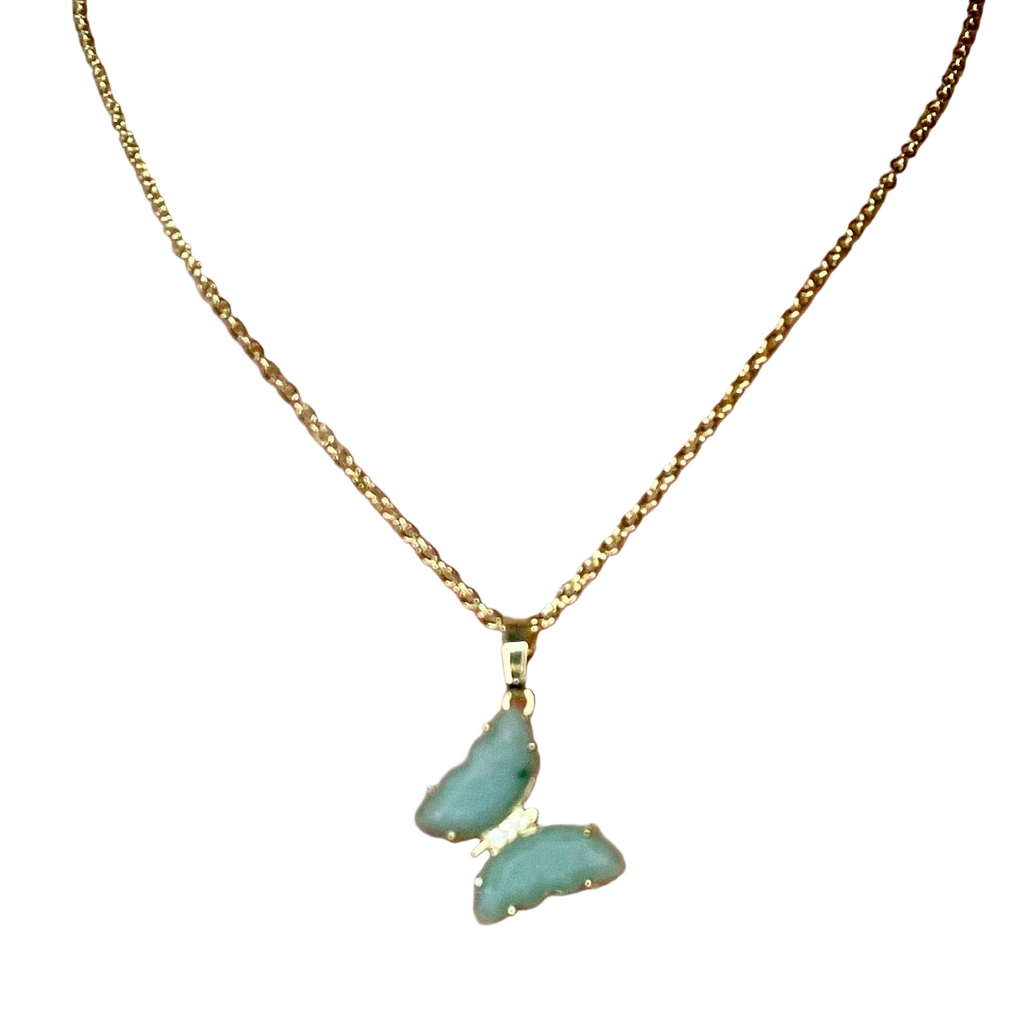 Natural Stone Butterfly Pendant Necklace & Ring
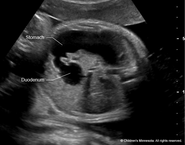 Commonly duodenal atresia
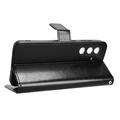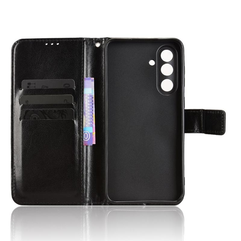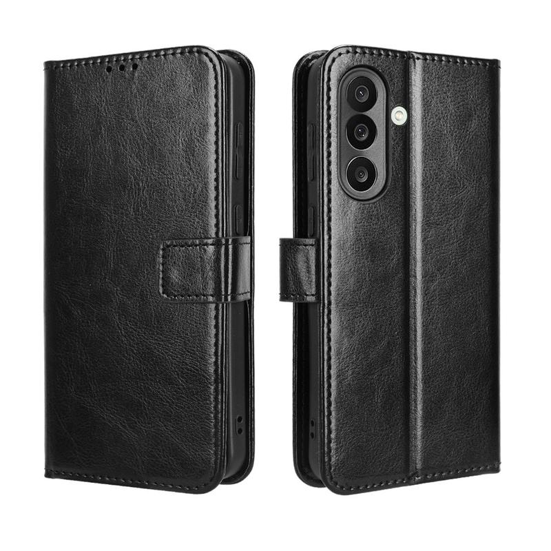 Give your new Samsung Galaxy M56 a refined, vintage look while replacing your everyday wallet. The Crazy Horse-textured polyurethane exterior pairs with a shock-absorbing TPU shell to guard against drops and scratches, while clever pockets keep cards and cash organised.
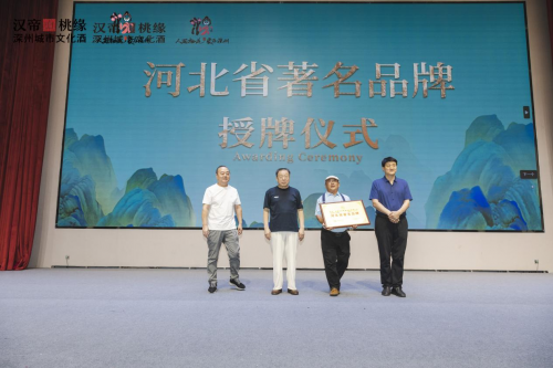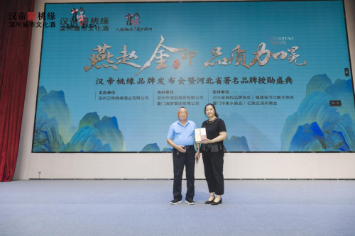 在河北省著名品牌评审委员会专家/衡水市场监管局原副局长杨德魁、辛集市场监督管理局原局长/河北省著名品牌评审委员会专家赵晓、福建省衡水商会副会长/秘书长孙占华、海梦集团合伙人/厦门市河北商会副秘书长王璐、汉帝桃缘股东代表/深州城投商贸董事长张梓瑶、汉帝桃缘董事/深州城投代表郭海珠、汉帝桃缘城市合伙人薛帅、张良子酒业创始人张建雷、海梦集团董事长/汉帝桃缘IP智造者张朝等共同见证下,河北省商标品牌协会会长庞红军为海梦集团合伙人/汉帝桃缘董事长孙志祥进行了“河北省著名品牌”授牌。“河北省著名品牌”这块沉甸甸的金字招牌,是对汉帝桃缘产品品质、市场口碑、品牌影响力的最高认可之一,是名副其实的“燕赵金印”!
⁂
Reproduce the listing above from the line that holds "Commonly duodenal atresia" through the line that holds "Give your new", both included, with the pictures left out.

 Commonly duodenal atresia
 Give your new Samsung Galaxy M56 a refined, vintage look while replacing your everyday wallet. The Crazy Horse-textured polyurethane exterior pairs with a shock-absorbing TPU shell to guard against drops and scratches, while clever pockets keep cards and cash organised.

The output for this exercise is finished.